Leader of Independents for Canberra
- In office 29 January 2024 – 5 February 2025
- Preceded by: New party
- Succeeded by: Vacant

Personal details
- Born: 1993 (age 32–33)
- Party: Independent (2025–present) Independents for Canberra (2024−2025)
- Other political affiliations: David Pocock (2022)
- Relations: Craig Emerson (father)

= Thomas Emerson (politician) =

Australian politician (born 1993)

Thomas Emerson (born 1993) is an Australian politician who has served as a member for the seat of Kurrajong in the Australian Capital Territory Legislative Assembly since October 2024. He previously served as the leader of Independents for Canberra (IFC), the party he co-founded, from January 2024 until resigning in February 2025.

==Early life==
From the age of 16, Emerson spent seven years with chronic hip, lower back and shoulder problems. After graduating with a philosophy degree from the Australian National University (ANU) in 2017, he founded Praksis, a Canberra-based movement studio.

==Political career==
During the 2022 federal election, Emerson volunteered for independent candidate David Pocock. After Pocock was successful in his election as an ACT senator, Emerson began to work for him as an advisor.

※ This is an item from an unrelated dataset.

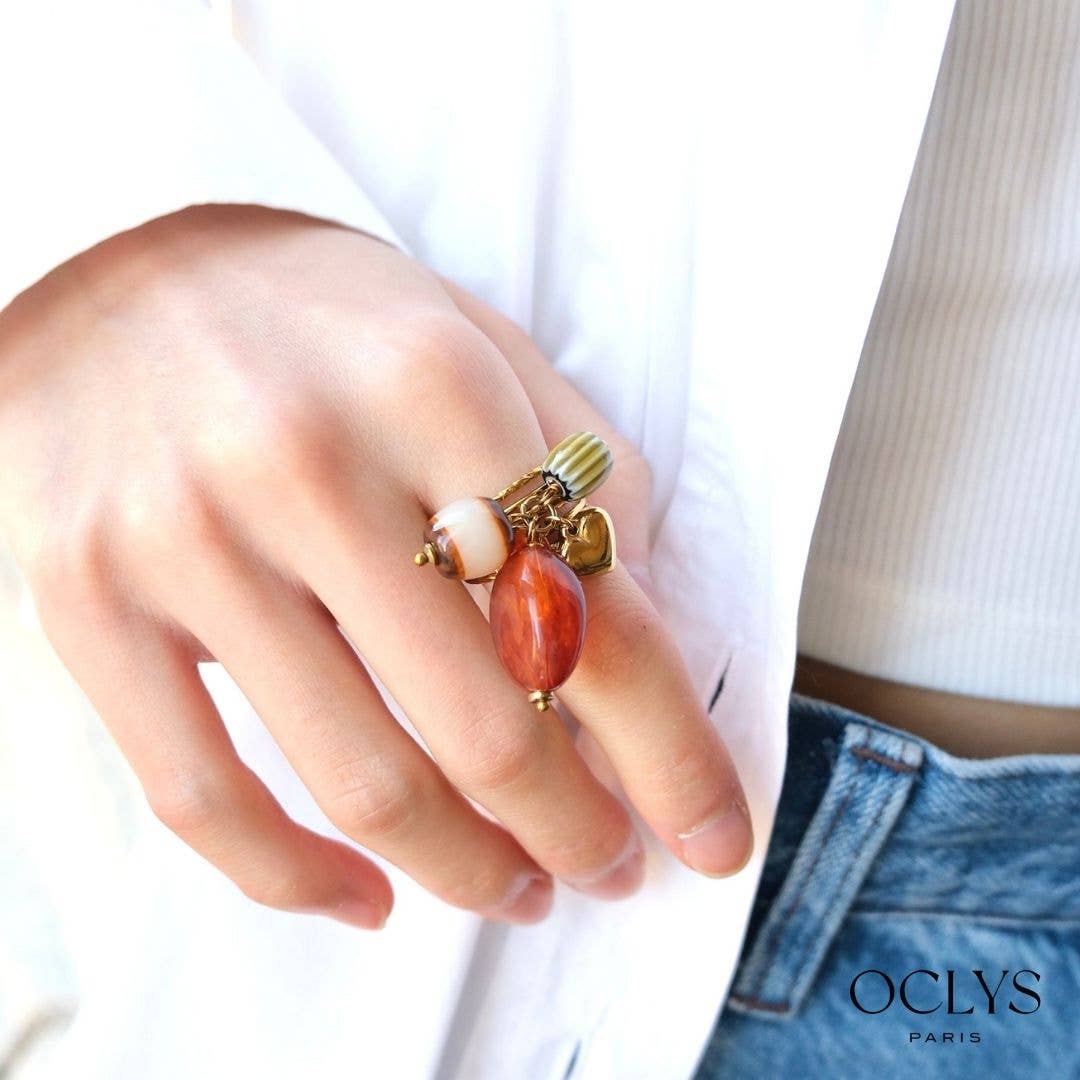 Mehrfarbiger Perlmutt-Blatt-Ring aus Edelstahl

In January 2024, Emerson co-founded Independents for Canberra (IFC) ahead of the 2024 ACT election. On 31 May, IFC announced Emerson and Sara Poguet as the party's lead candidates for the electorate of Kurrajong. Emerson, along with Fiona Carrick (who contested with her own Fiona Carrick Independent party) became the first independents elected to the Australian Capital Territory Legislative Assembly in 23 years.

Emerson resigned from IFC on 5 February 2025.

==Personal life==
Emerson's father is Craig Emerson, who served as the federal Minister for Small Business and Minister for Trade and Competitiveness in the Rudd-Gillard government.